Good thing the choice to change the mascot had no chance of alienating prospective students and their families.

More broadly speaking, the article gives the lie to the claim that this change was brought about by appropriation of the crusader image by hate groups. The people who were really animated to make this change find the crusader mascot offensive in itself, not because an otherwise okay symbol was appropriated by KKK types. It isn't a matter of honorably retiring a mascot that time has passed by. It is about officially declaring that mascot of symbol of bigotry.   
It sounds to me like it's a campaign driven by market forces as perceived. It's the way of the secular world. I see RC institutions omitting to say anything too Catholic because they've got it in their heads that it won't sell. This goes back 40 years; it isn't a product of today's political posturing.

Peace,
Michael
Title: Re: Valpo mascot task force
Post by: Dave Likeness on February 23, 2021, 12:12:18 PM
In the 1960's and 1970's Valpo had the reputation that 90% of their graduates
had a job within 6 months after they got their diploma.  Corporate America
liked the education their students received as well as the high moral standards
of the Valpo grads.

I had one cousin who got a job with General Motors as an engineer and another
cousin who was hired by All State Insurance Company.  Both of them liked their
jobs and stayed with the company for their entire careers.
Title: Re: Valpo mascot task force
Post by: JEdwards on February 23, 2021, 01:07:49 PM
It sounds to me like it's a campaign driven by market forces as perceived. It's the way of the secular world. I see RC institutions omitting to say anything too Catholic because they've got it in their heads that it won't sell. This goes back 40 years; it isn't a product of today's political posturing.

Peace,
Michael

A couple years ago, one of my sons looked at Capital University.  On his campus tour, the guide somewhat sheepishly mentioned the Lutheran affiliation, but immediately reassured that group that this wouldn't really affect their college experience.  My son ended up going to Gannon University, an RC school that seemed more willing to embrace its identity as a religious institution.

Peace,
Jon
Title: Re: Valpo mascot task force
Post by: Dave Likeness on February 23, 2021, 01:44:53 PM
 Men's basketball coach Paul Meadows at Valpo came to Davenport, Iowa
to recruit my cousin for the Crusaders team.  My cousin was 6' 4" forward
 in his Senior Year of high school.  Coach Meadows wanted to look at my
cousin's hands and feet because he thought he could tell how much more
my cousin would grow.  My aunt believed this was nonsense.  However,
my cousin did get a basketball scholarship to play at Valpo.
Title: Re: Valpo mascot task force
Post by: Richard Johnson on February 24, 2021, 09:09:45 AM

A couple years ago, one of my sons looked at Capital University.  On his campus tour, the guide somewhat sheepishly mentioned the Lutheran affiliation, but immediately reassured that group that this wouldn't really affect their college experience.  My son ended up going to Gannon University, an RC school that seemed more willing to embrace its identity as a religious institution.


This is hardly just an ELCA problem, nor is it new.

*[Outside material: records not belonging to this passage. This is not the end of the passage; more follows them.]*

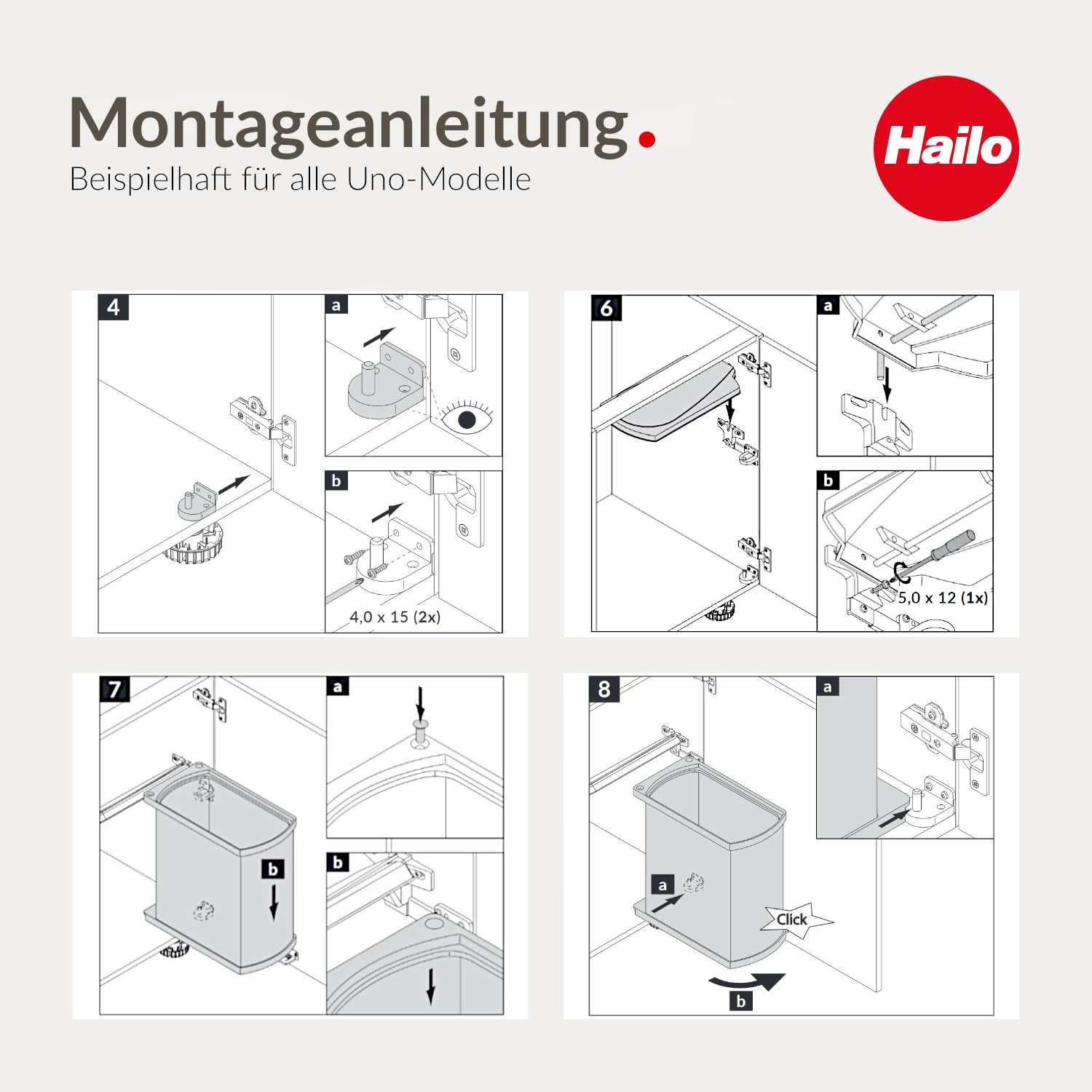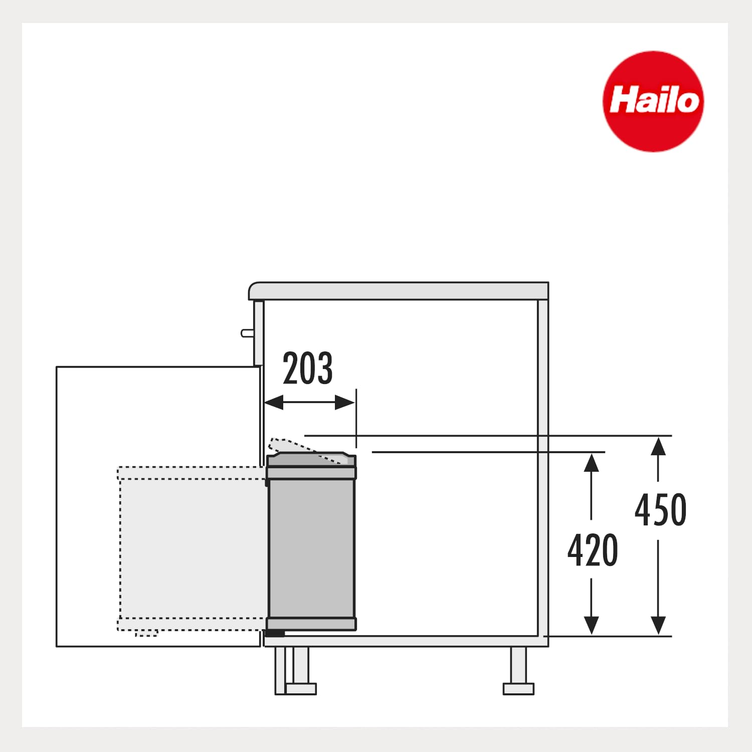 "HAILO SWING BIN WITH 1X 18 L INNER BUCKET - A practical waste system for kitchens. The 18-liter inner bucket can be easily removed and cleaned.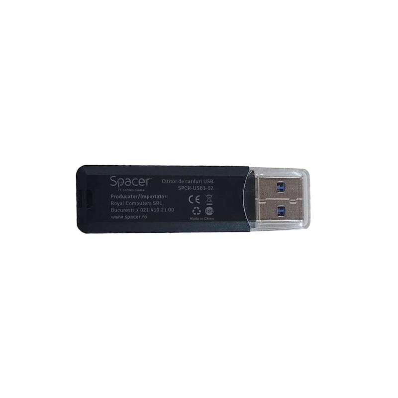 CARD READER extern SPACER, interfata USB 3.0, citeste/scrie: SD, micro SD, Negru, "SPCR-USB3-02"
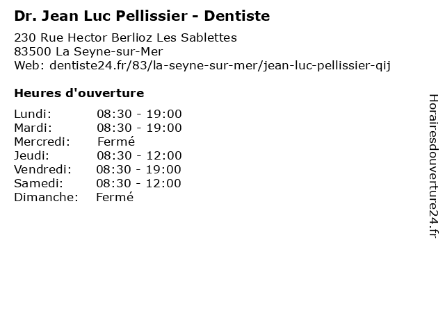 1 Dr. Arnaud Pellissier - Dentiste (Distance: 0,00 km) 230 Rue Hector Berlioz, 83500 La Seyne-sur-Mer arnaud, dentiste, docteur, dr., medecins, pellissier, sante 2 Dr Luc Bouyard - Psychiatre (Distance: 3,71 km) 421 avenue Jules-Renard, 83500 La Seyne-sur-Mer bouyard, consultation, docteur, dr, luc, med, médecin, médecine, psychiatre, traitement 3 Dr Jean-Luc Vaillant - Chirurgien urologue - secrétariat (Distance: 4,40 km) 521 Avenue de Rome, 83500 La Seyne-sur-Mer chirurgien, consultation, docteur, dr, jean, luc, med, médecin, médecine, secrétariat, traitement, urologue, vaillant 4 Dr Jean-Luc Courty - Ophtalmologiste (Distance: 5,99 km) 30 rue Victor Clappier, 83000 Toulon courty, docteur, dr, jean, luc, ophtalmologie, ophtalmologiste, praticien, santé 5 CER Jean Luc (Distance: 6,26 km) 163 Général Gouraud, 83200 Toulon cer, ecole, jean, luc, permi, routière, services 6 Dr Jean-Luc Le Gall - Médecin généraliste (Distance: 6,43 km) 104 Avenue Clovis Hugues, 83200 Toulon consultation, docteur, domicile, dr, en, gall, générale, généraliste, jean, le, luc, médecin, médecine, santé, visite |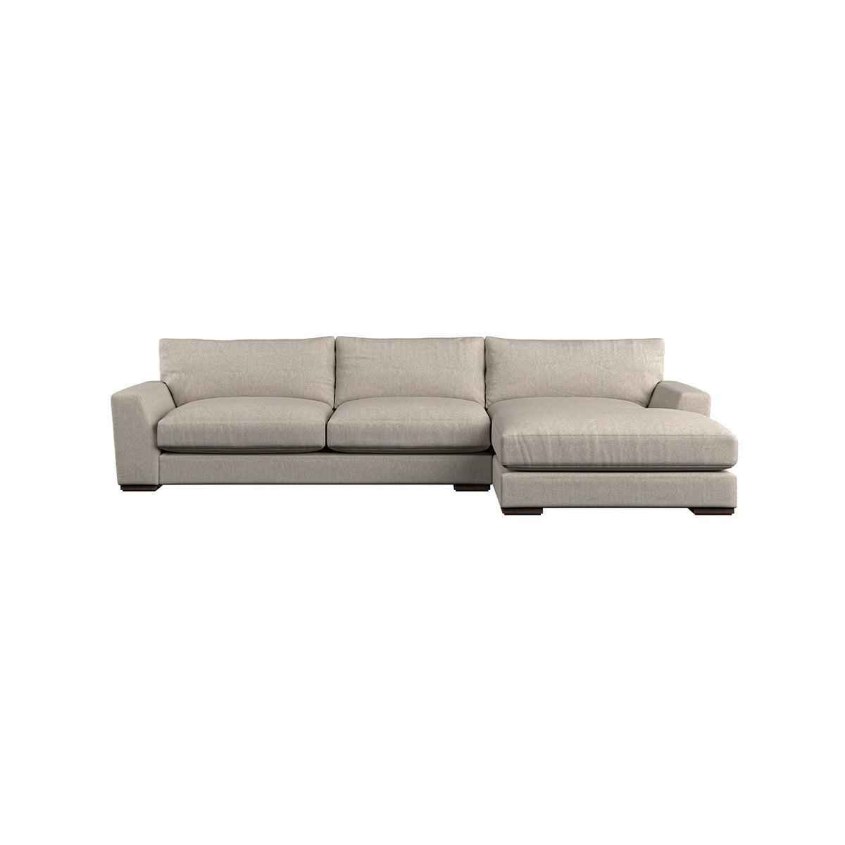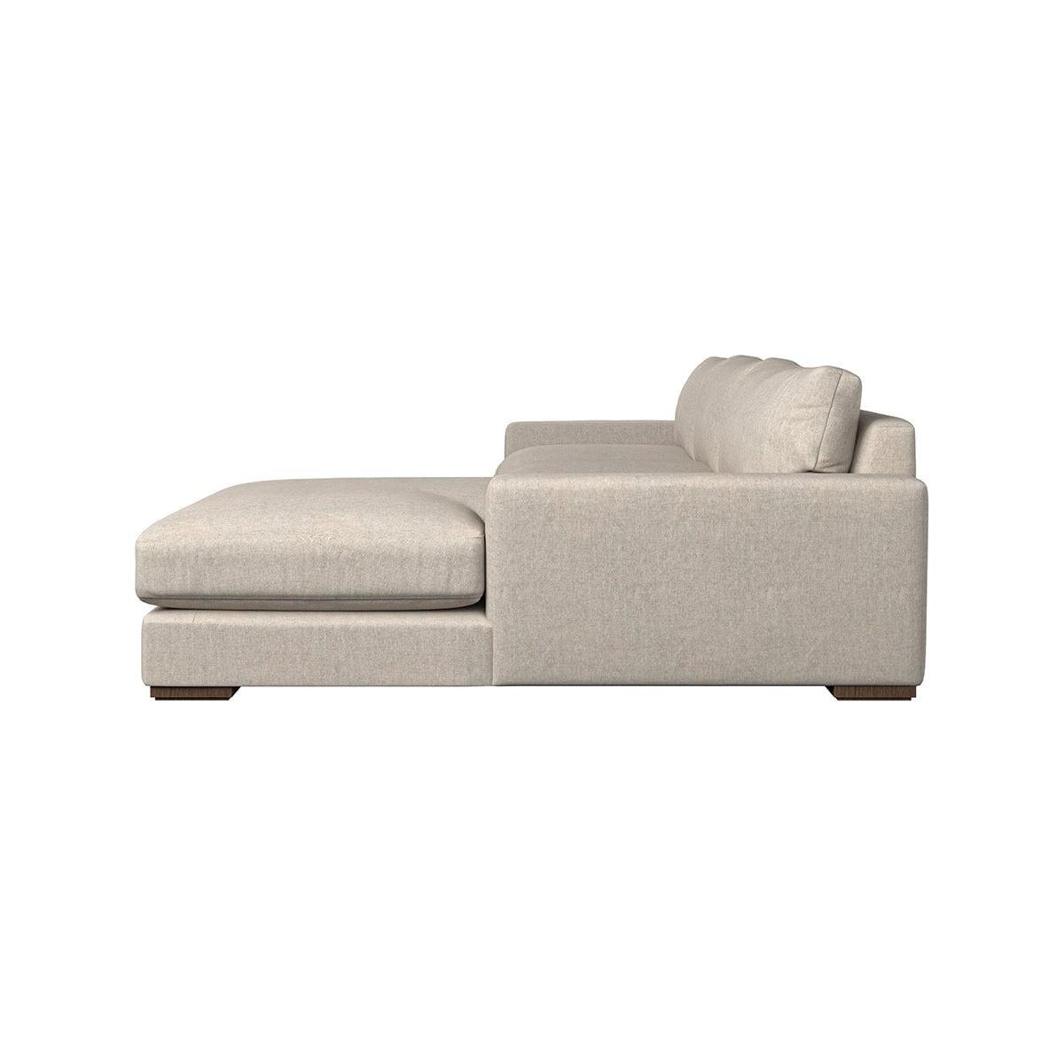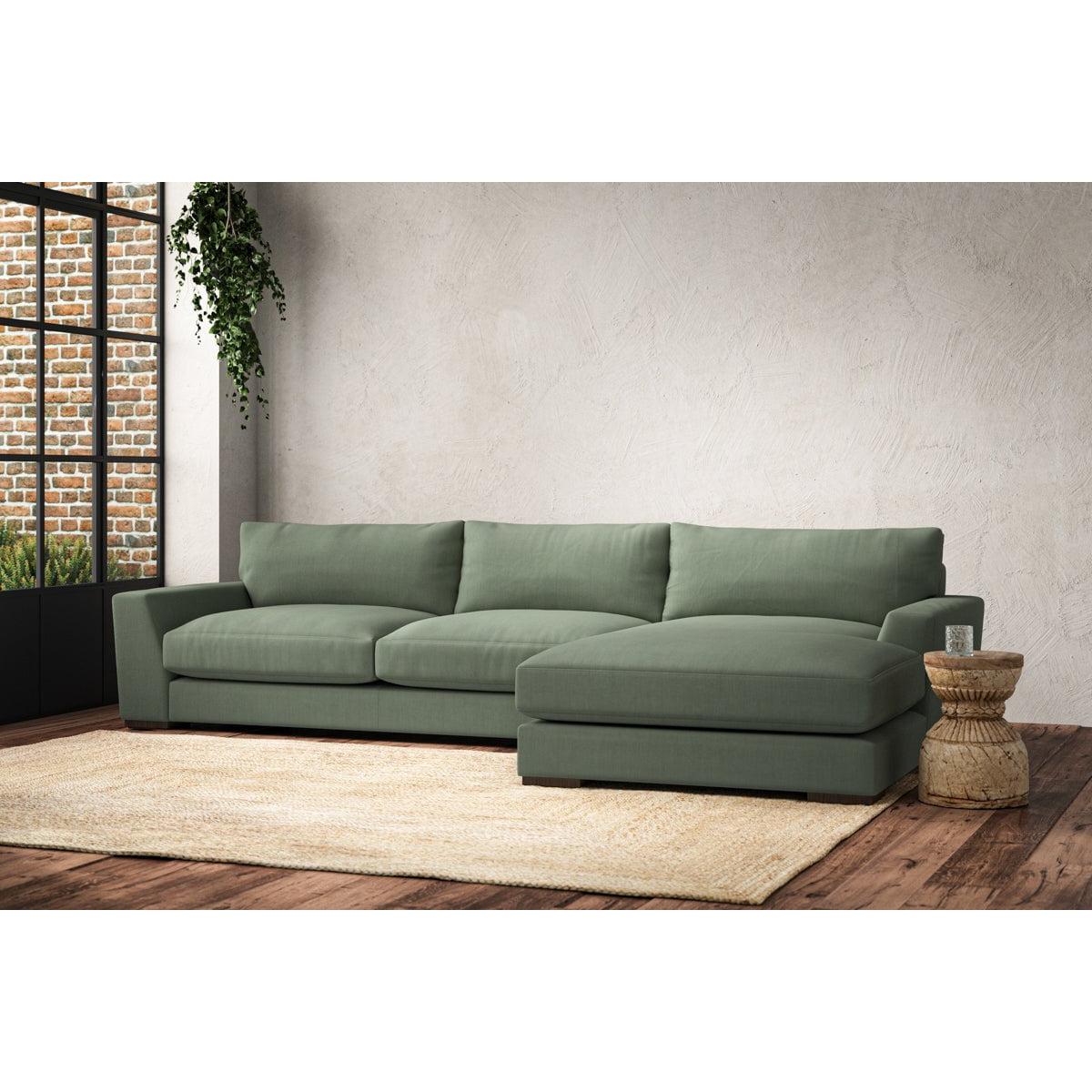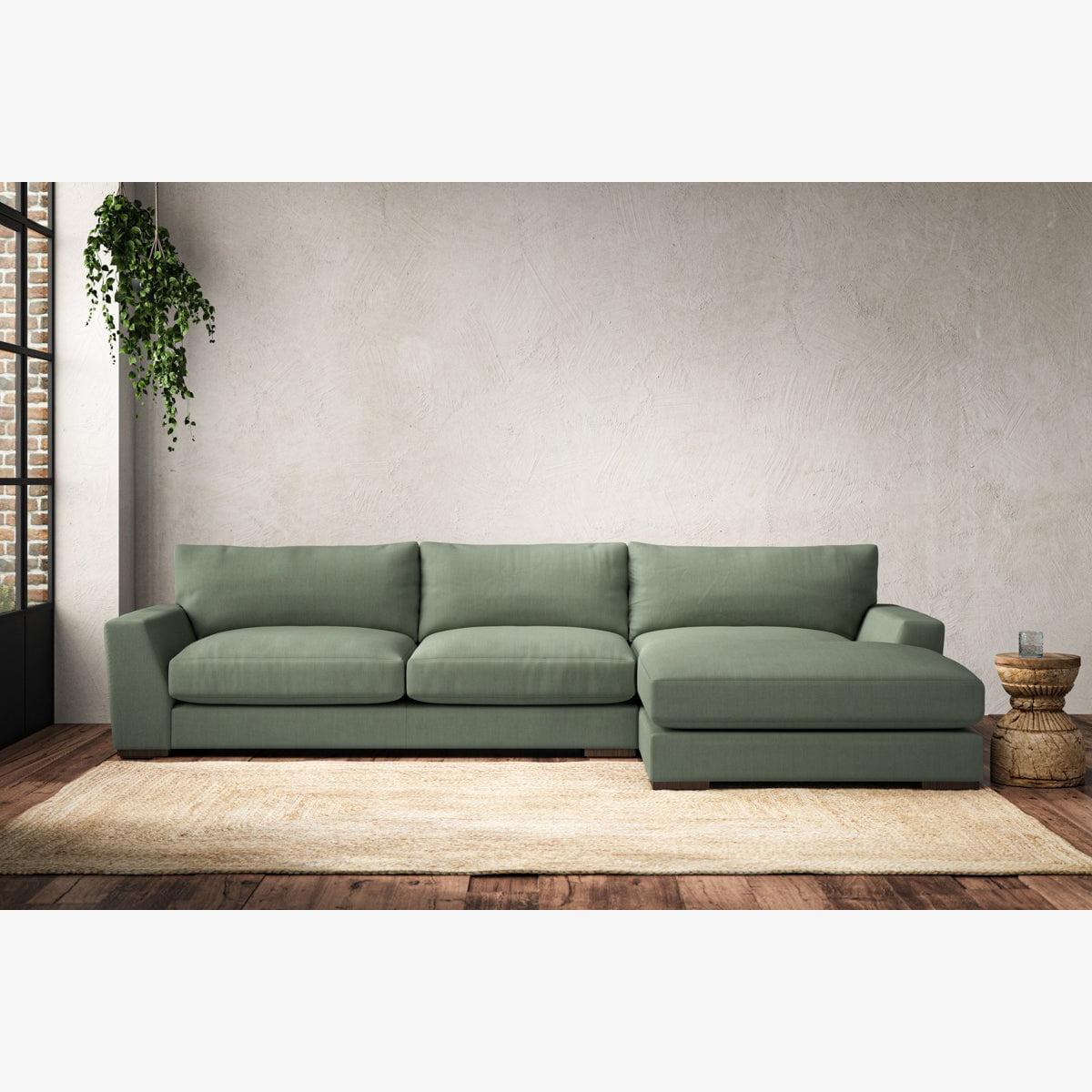 The laid-back sculptural shape of the Guddu large right hand chaise sofa brings effortless style to an interior. The generous arms and deep seat cushions make this collection the perfect choice for families or those that like a bit of extra space to stretch out. Details include separate back cushions, exceptional quality fabrics and solid wood block feet. Each piece is handcrafted by experts using traditional techniques for a quality finish that celebrates the best of British craftmanship. The hardwood frame and high-grade steel serpentine springs are selected for enduring quality, and the cushions are made from foam with a fibre wrap for added comfort. The fabric is hand cut to size, playing close attention to the characteristics of the material, and the sculpted hardwood feet provides the finishing detail. Our upholstery fabrics are sourced from Italy’s finest mills and are chosen for their style and quality. We have selected a beautiful heavyweight, soft washed linen with an outstanding texture. Our linen is perfectly suited to upholstery, with an appealing natural, and tactile feel. It is also heavy and durable. The linen is FR treated for domestic upholstery ensuring peace of mind as well as meeting specialist UK furniture requirements. Our curated colour palette offers a variety of 11 sophisticated muted shades. Please note, our white background cut-out photography is shown in Natural for shape and style reference. Fabric Swatch Ordering We recommend ordering fabric swatches before placing your order, giving you the chance to feel the fabric and see your colour choices within your own home. You can order up to 6 free fabric swatches by clicking here. Before placing your order, it's important to take the time to measure the space you intend to place your made-to-order furniture to ensure it fits properly. You can read more in our Sofa Buying Guide.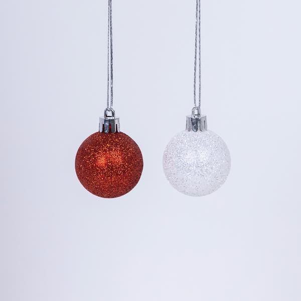 КОЛЕДНИ ПЛАСТМАСОВИ ТОПКИ, БЯЛО ЧЕРВЕНИ, С БЛЕСТЯЩИ ПАРЧЕНЦА, КОМПЛЕКТ 6 БРОЯ, 4 см (ТОП 120)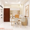 Thiết kế spa phun xăm sử dụng màu be là gam màu chủ đạo. Điểm điểm xuyết decor trang trí màu vàng mang đến không gian sang trọng và sinh động hơn.

Oh, I have stories. When my daughter was looking at colleges nearly 20 years ago now, we visited a Methodist school. On the tour, I asked (as I always did), what influence the school's church relationship had on life on the campus. In this case the guide actually denied that the school was church-related. (I'm sure she simply didn't know.)

My daughter toured a Presbyterian school at the behest of our friend Joe Robinson, then principal oboist of the NY Philharmonic and an alum (and one-time trustee, I think) of that school. He came with us on the tour. The guide (who was actually an employee, not just a student, though a recent grad) explained that the Presbyterian affiliation didn't mean much, and made a point of saying that the chapel was utilized by the Muslim students and anyone else who needed a place to gather. As we walked on the tour, Joe at one point quietly introduced himself to the guide, who later said, "Well, we've had a distinguished alumnus with us this afternoon on our tour! This is Mr. Robinson from the New York Philanthropic Association." That about killed it for my music major daughter (and her father).
Title: Re: Valpo mascot task force
Post by: Mbecker on February 26, 2021, 01:57:37 PM
From our interim president today:

https://www.youtube.com/watch?v=cb5xY8mSnAA&feature=youtu.be

Our new president officially begins his leadership/service on Monday. We would welcome your prayers for him and for the ongoing mission of our Lutheran university.

Matt Becker

P.S. The "Molly" to whom our interim president refers in her video is one of our physician-assistant students who happens to be taking my Luther-Bach course this term. She's taking it to fulfill her upper-division theology requirement. I just finished meeting with her via Zoom. She's writing her midterm paper about Luther's hymn on the Lord's Supper, "Gott sei gelobet und gebenedeiet" (WA 35.452-53 [text]; WA 35.514-15 [melody]; LW 53.252-54; TLH 313; LBW 215; LuthW 238; CW 317; ELH 327; LSB 617; ELW 498). We had a good discussion about Luther's sacramental theology and about the points of contact between this hymn and the section on the Sacrament of the Altar in his Small Catechism. The morning got off to a good start....
Title: Re: Valpo mascot task force
Post by: Michael_Rothaar on February 26, 2021, 04:14:12 PM
Quote

A couple years ago, one of my sons looked at Capital University.  On his campus tour, the guide somewhat sheepishly mentioned the Lutheran affiliation, but immediately reassured that group that this wouldn't really affect their college experience.  My son ended up going to Gannon University, an RC school that seemed more willing to embrace its identity as a religious institution.

Peace,
Jon

Capital University (Columbus, Ohio) also recently eliminated the "Crusader" mascot and moniker. My wife and I -- both graduates -- replied to the survey when the change was under consideration, and are now being contacted regularly, to urge us to go to the website gathering suggestions for a new symbol. Two of my kids are Valpo graduates -- and the third used to work there -- so CrusaderCanceling has had an impact on our family (however slight).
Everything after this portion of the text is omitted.